**Task to carry out:**
Starting at the first line of the data, please print exactly those lines through the one that holds "Solche wird beschrieben/von", omitting every picture.

**Data listing:**
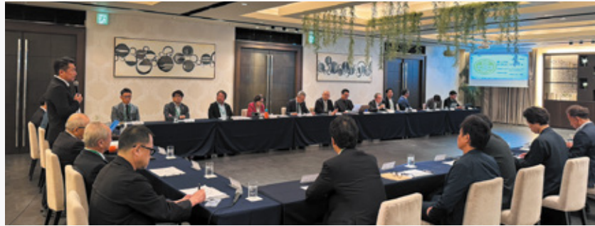
経営者会議ではVC加盟社の代表が集まり、喫緊の地域課題である求人について議論が交わされました

じたワードトップ10」など、地域の人材難解決の手助けになる、具体的かつ深度あるデータまで共有されました。
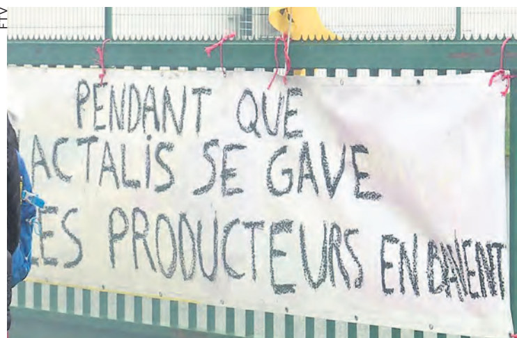
Manifestation le 19 février 2026 devant l'usine Lactalis de Mautauban.
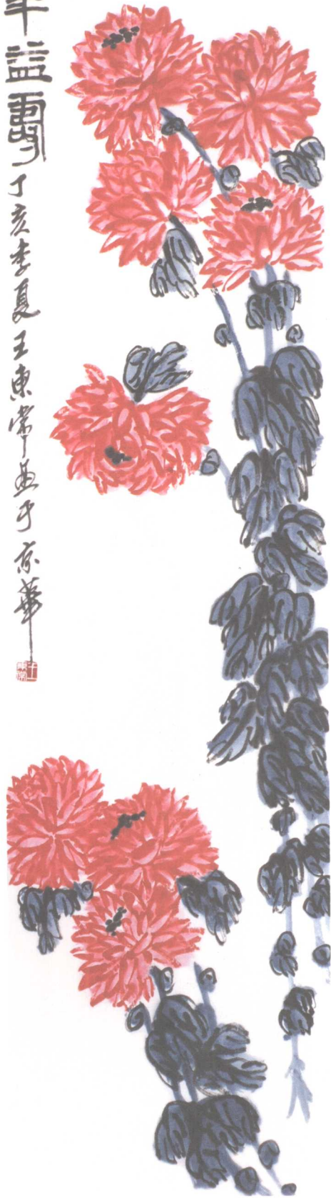
延年益寿(左) 34 × 137cm
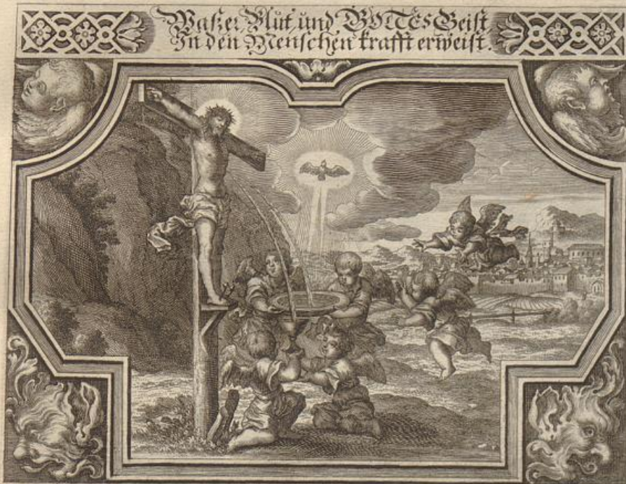
J. Strauch Del.

Solche wird beschrieben/von dem heiligen Apostel und Evangelisten Johanne/in seiner 1. Epistel/ im 5. Cap. Vers. 4-10.
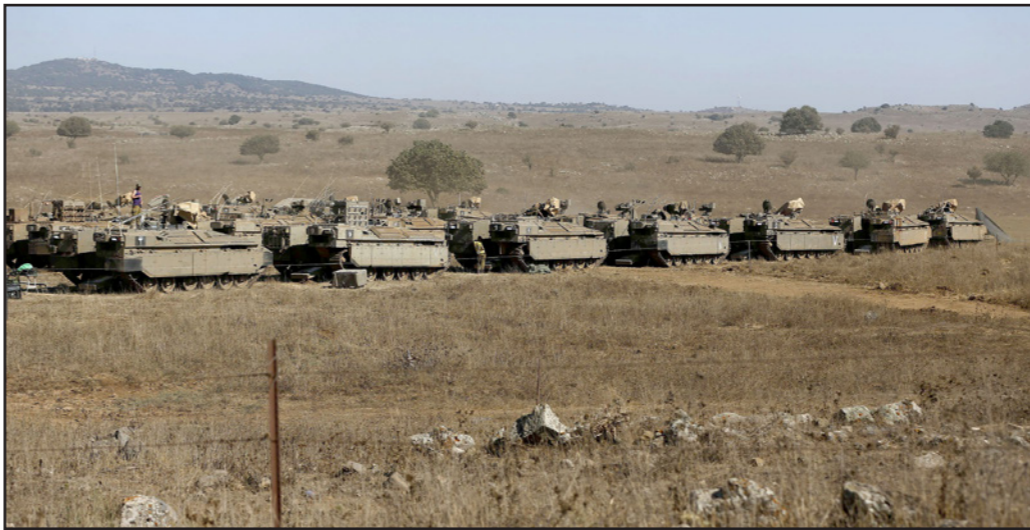
قوات اسرائيلية في الجولان

يرد اسرائيلي حاد ولهذا فقد فصلت إيران ان تبعه عنه الدليل من خلال جهة خارجية. لقد كان رد اسرائيل السريع والحازم بهجوم قوي على القوات السورية جوبايا صهيونيا واستراتيجية فائقة، فقد اوضحت للإيرانيين بأنه ليس لهم مخيا تحت شمس الاستخبارات الاسرائيلية وكل جديد مالها الفشل. تأنيبا، نفهم انصالحات الاعمى الإيرانية وقد قدمت بحلقة الاضعف في السلسلة. إذا كان الجيش السوري سينهار - فان قبضتهم في سوريا كلها سننتهي. ان حادثة الصواريخ هي بالفعل هامة في معادلة الردع التي ينبغي لاسرائيل ان تخلقها حيال الجبال الغفوضي السوري
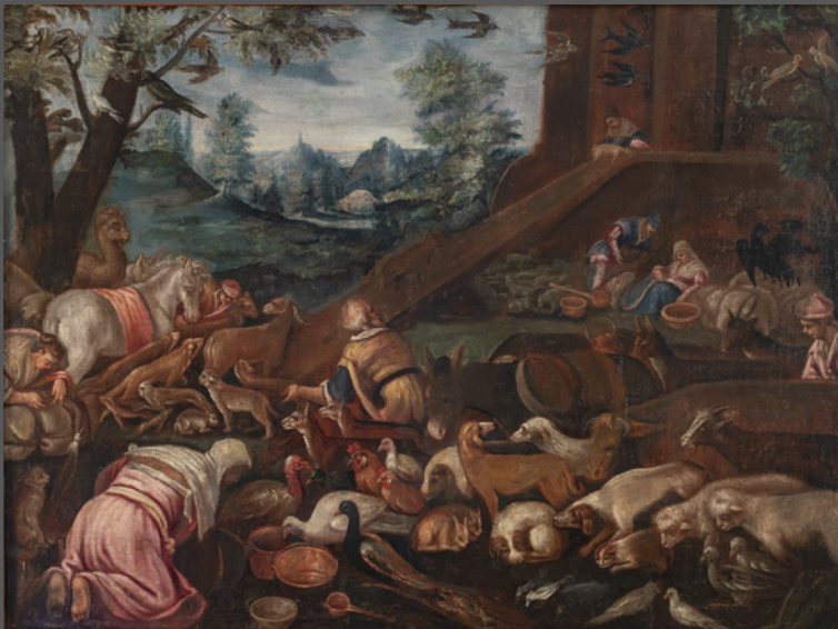
45. El arca de Noé
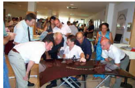
Jahrestreffen einer Werkstättenkette
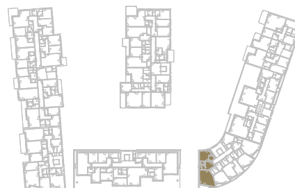
Schéma podlaží _____
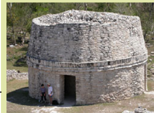
Observatorium in Mayapan
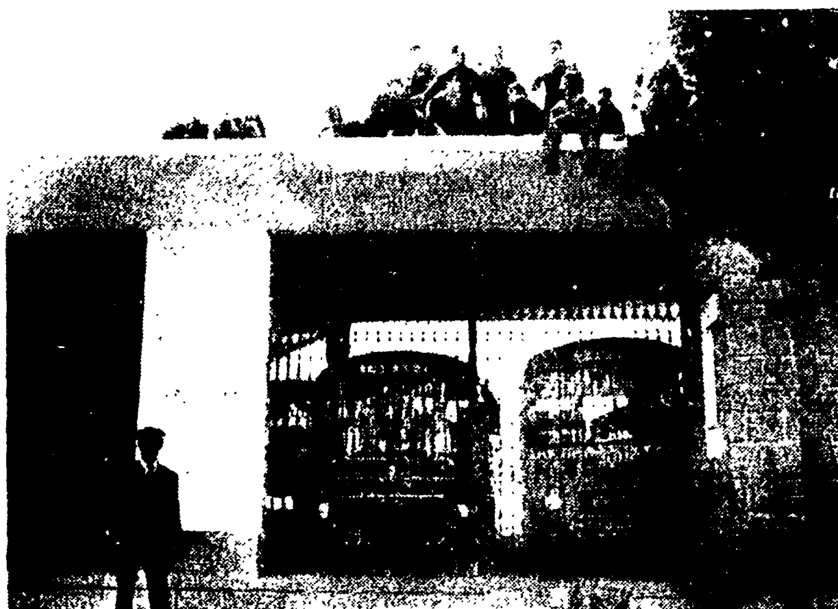
CAGLIARI — I dipendenti della SITA occupano per il quarto giorno il deposito e le officine di viale Monteponi...

Ancora occupati la rimessa della SITA e i pozzi della Monteponi - Costituito dai Comuni un Centro di sviluppo del Sulcis - Grave situazione nelle campagne
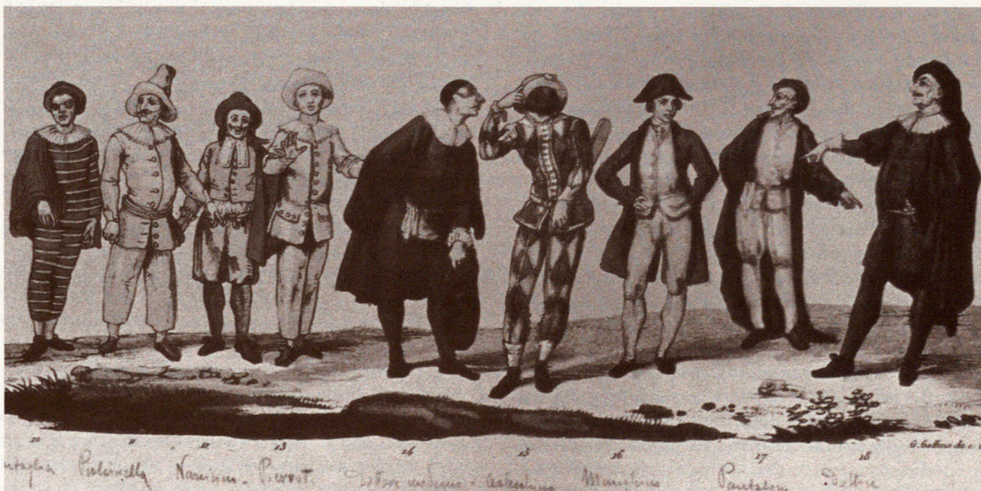
Seqüència de diferents màscares italianes. S. XIX.

Durant tota la primera meitat del XVII, nombroses companyies italianes actuaven a París llargues temporades. Sabem, per exemple, que el 1658 Molière com-
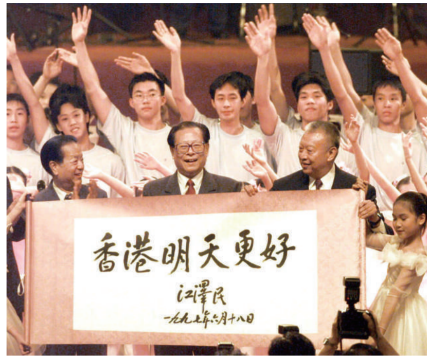
右图：1997年7月1日上午10时，中华人民共和国香港特别行政区成立庆典在香港会展中心新翼举行。在庆典仪式上展示了江泽民同志亲笔题写的“香港明天更好”书法卷轴。
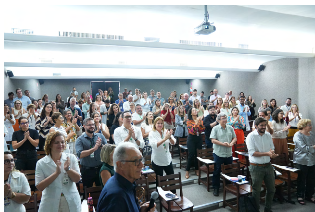
O evento foi realizado no Auditório Alice Figueira

De acordo com a descrição do Projeto, o objetivo é refletir sobre a identidade e a presença do IMIP nessa época rica de transformações de toda ordem, bem como sobre a filosofia, o estilo de liderança, a cultura de gestão e a sua inserção junto à sociedade – 1º, 2º e 3º setores – e à comunidade científica, assistencial e educacional.
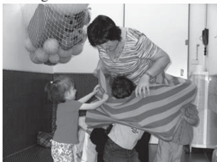
Dai 20 mesi

• cucina interna, cibi freschi e attenzione al biologico
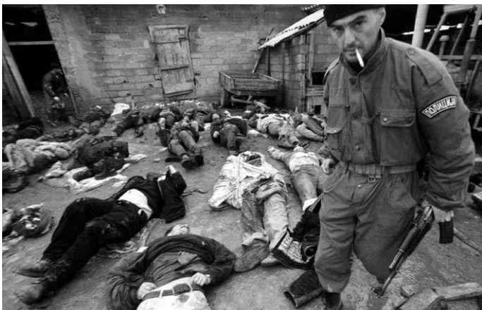
Zvornik, lipanj 1992. (srpski policajci i ubijeni Bošnjaci)

Osim toga, nakon napada u Zvorniku, na desetine Bošnjaka u gradovima koji se nalaze u RS-u su bili privođeni samo zato što su muslimani i što imaju bradu i Kur'an u svojim domovima. Ovim su strukture vlasti u RS-u pokazale strateško djelovanje u cilju zastrašivanja i etničkog istrebljenja preostalih Bošnjaka u tom entitetu koji bi se narednih godina zaista mogao odvojiti od BiH jer već sada u njemu Srbi čine više od 90% populacije. Osim toga, vlastima u RS-u već sada je uspjelo da pošalju sliku u svijet o opasnim i radikalnim bosanskim muslimanima koji predstavljaju terorističku prijetnju za Srbe na Balkanu, ali i za cijelu Evropu. Eto zašto je napad u Zvorniku označen terorističkim bez prethodno provedene istrage! □
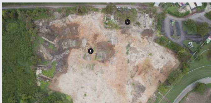
Vue zénithale du site de fouille, en bordure de l'hippodrome, en Guadeloupe. On distingue ❶ les bâtiments industriels et ❷ le quartier d'esclaves.

Sur ces terres, l'hippodrome de Guadeloupe dessine une grande forme oblongue, mais il n'en a pas toujours été ainsi. En fouillant les abords de la piste, les archéologues ont retrouvé les traces d'une purgerie, d'une sucrerie et de multiples rangées de cases rectangulaires formant un quartier d'esclaves. Une habitation-sucrerie se trouvait donc ici. Ce genre de domaine comprenait plantations, ateliers de transformation, rues « cases-nègres » et maison du maître. Il permettait au colon d'exercer un contrôle permanent sur ses esclaves. Produit ainsi à moindre coût, le sucre était vendu fort cher en métropole. En 1830, à l'apogée du système des habitations-sucreries, la Guadeloupe en comptait plus de 600, qui employaient près de 90 000 esclaves.
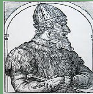
Иван III (1462-1505)
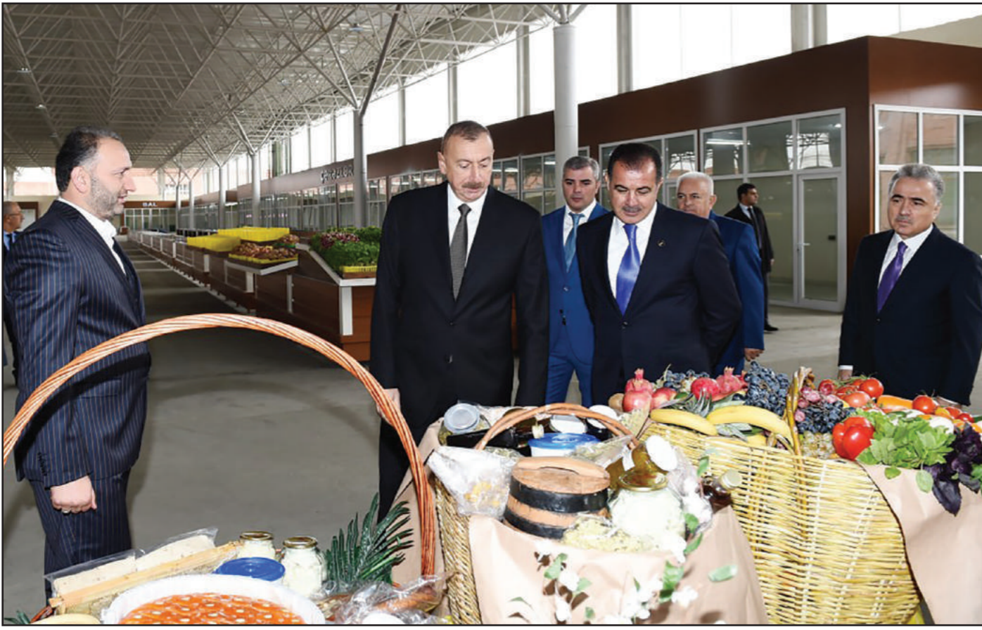
(Əvvəlki 1-ci səhifədə)

Əvvəlki illərdə də Gəncədə sosial layihələrlə, sənaye layihələri ilə bağlı bir çox gözəl işlər görüldü. Bu gün mən bir neçə obyektin açılışında və təqdimatında iştirak edəcəyəm. Onlardan biri Dövlət Aqrar Universitetinin yataqxana binasıdır. Bu, ikinci bina olacaq. Birinci binanı da mən açmışam, o, 520 yerlik binadır. Bu binada da 500-dən çox tələbə yaşayacaq. Şəhərdəki 1 saylı məktəb də əsaslı təmir olunub, mən oraya da baxacağam. Böyük ticarət mərkəzləri - "Gəncə Moll", "Grand Qafqaz" kompleksi açılır. Bu iki böyük ticarət obyektində minlərlə insan işlə təmin olunacaqdır. Gəncədə yeni parklar salınıb. Biz yeni muzeyin açılışını da edəcəyik. İndi Gəncə muzeyləri səhəridir. Gəncə Azərbaycan xalqına o qədər görkəmli şəxsiyyətlər bəxş edib ki, onların hamısının Gəncədə muzeyləri olmalıdır və bu məsələ də öz həllini tapır.
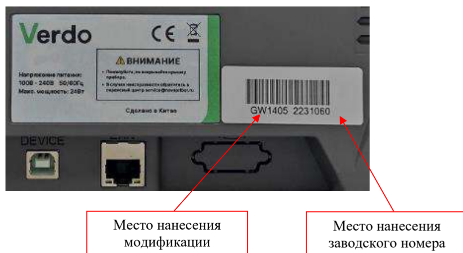
Рисунок 4 – Фрагмент задней панели генераторов с этикеткой
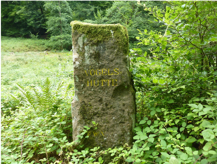
Ritterstein Nr. 38 "Vogelshütte" bei Hinterweidenthal (2013)
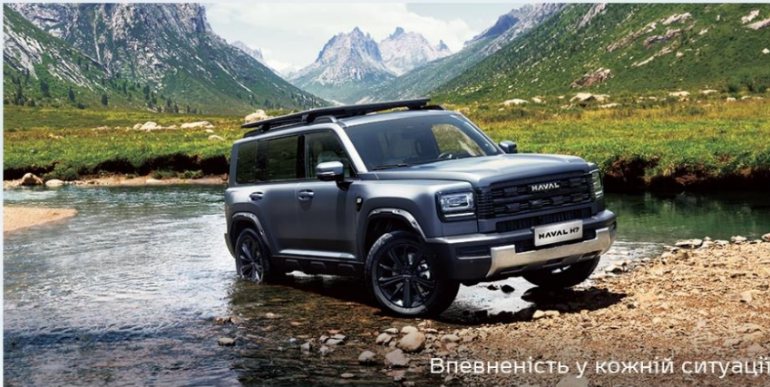
Впевненість у кожній ситуації
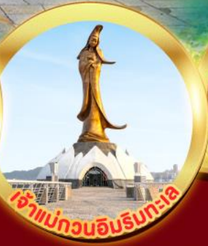
เจ้าแม่กวนอิมรินทระไล
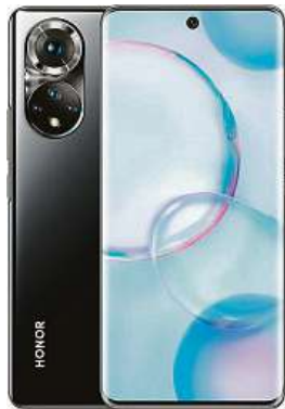
Telefon Honor 50 2x MIRONET

Další předností je velikost displeje 6,57" a neobvyklé rozlišení 2340 x 1080, díky kterému budete mít krásně jemný obraz. Displej společně s elegantním tělem vytvářejí zajímavou kombinaci,
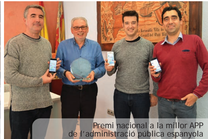
Premi nacional a la millor APP de l'administració pública espanyola
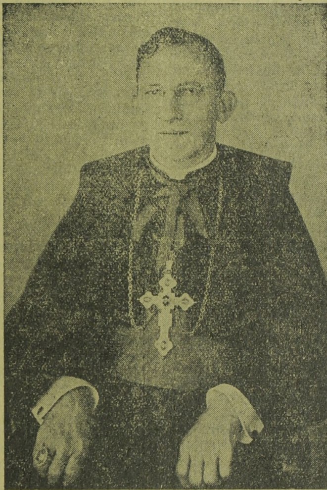
O. Exmo. Revmo. Snr. Bispo Diocesano.

O exmo. revmo. sr. Bispo Diocesano estará presente.
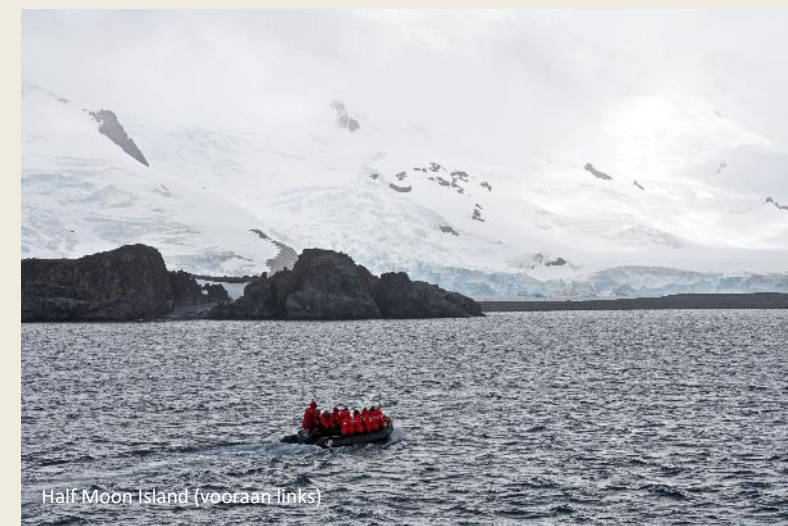
Half Moon Island (vooraan links)
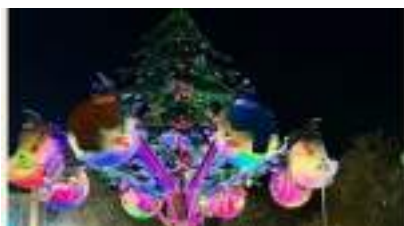
MANEGE du GRAND SAPIN DE NOEL en Location
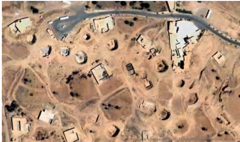
Foto 5. Foto satélite de las casas trogloditas

Uno de los elementos del patrimonio cultural de Matmata, consiste en un molino troglodita de aceite de oliva. Si nos fijamos en la siguiente foto, seguramente no nos esperamos estar frente a un molino troglodita.
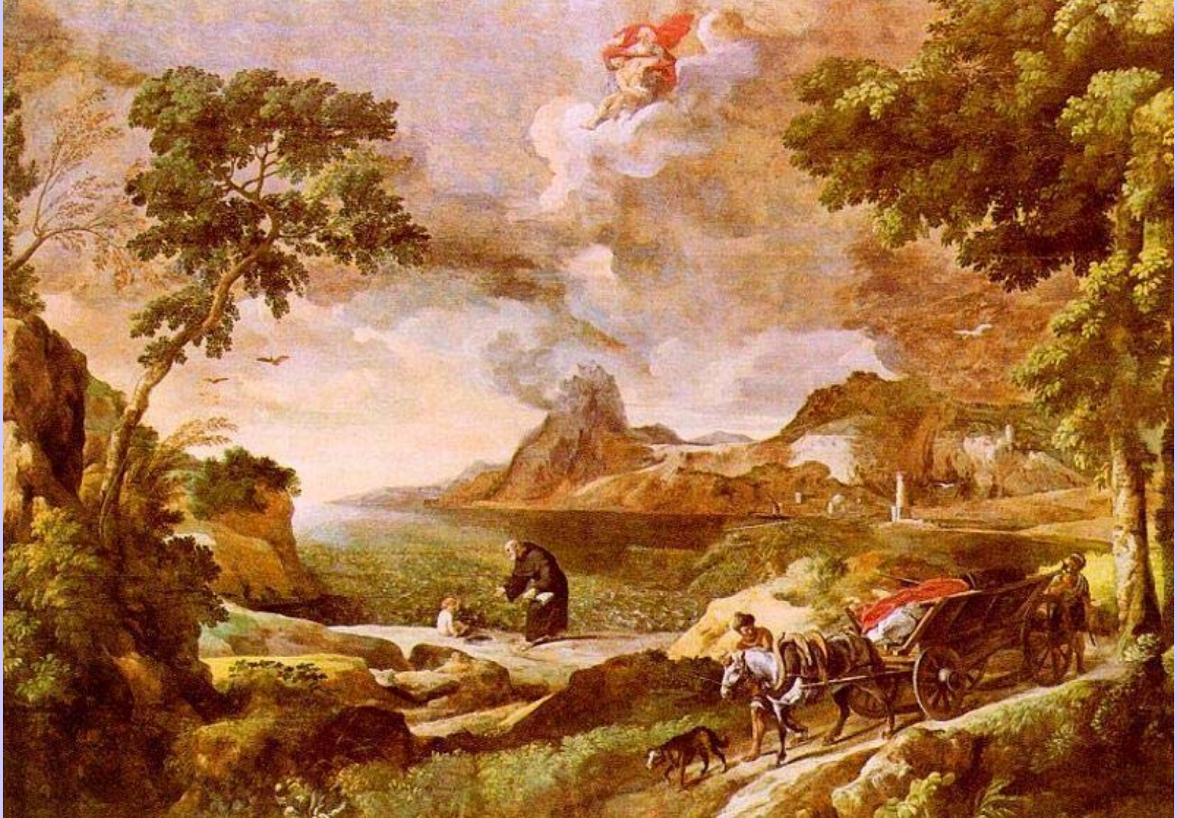
Gaspard Dughet (Rome, 1615 – Rome, 1675), Paysage avec saint Augustin découvrant le mystère de la sainte Trinité , 1651/3, peinture à l'huile sur toile, Rome, Galerie Doria Phamphilj.
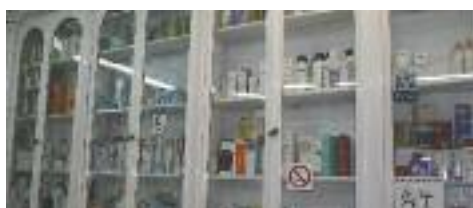
Estants interiors modernistes
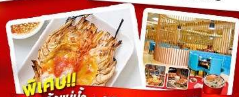
พิเศษ!! ก๊วยแม่ย่า + HOTPOT SEAFOOD

**Answer to this exercise:**
経営者会議ではVC加盟社の代表が集まり、喫緊の地域課題である求人について議論が交わされました

じたワードトップ10」など、地域の人材難解決の手助けになる、具体的かつ深度あるデータまで共有されました。
Manifestation le 19 février 2026 devant l'usine Lactalis de Mautauban.
延年益寿(左) 34 × 137cm
J. Strauch Del.

Solche wird beschrieben/von dem heiligen Apostel und Evangelisten Johanne/in seiner 1. Epistel/ im 5. Cap. Vers. 4-10.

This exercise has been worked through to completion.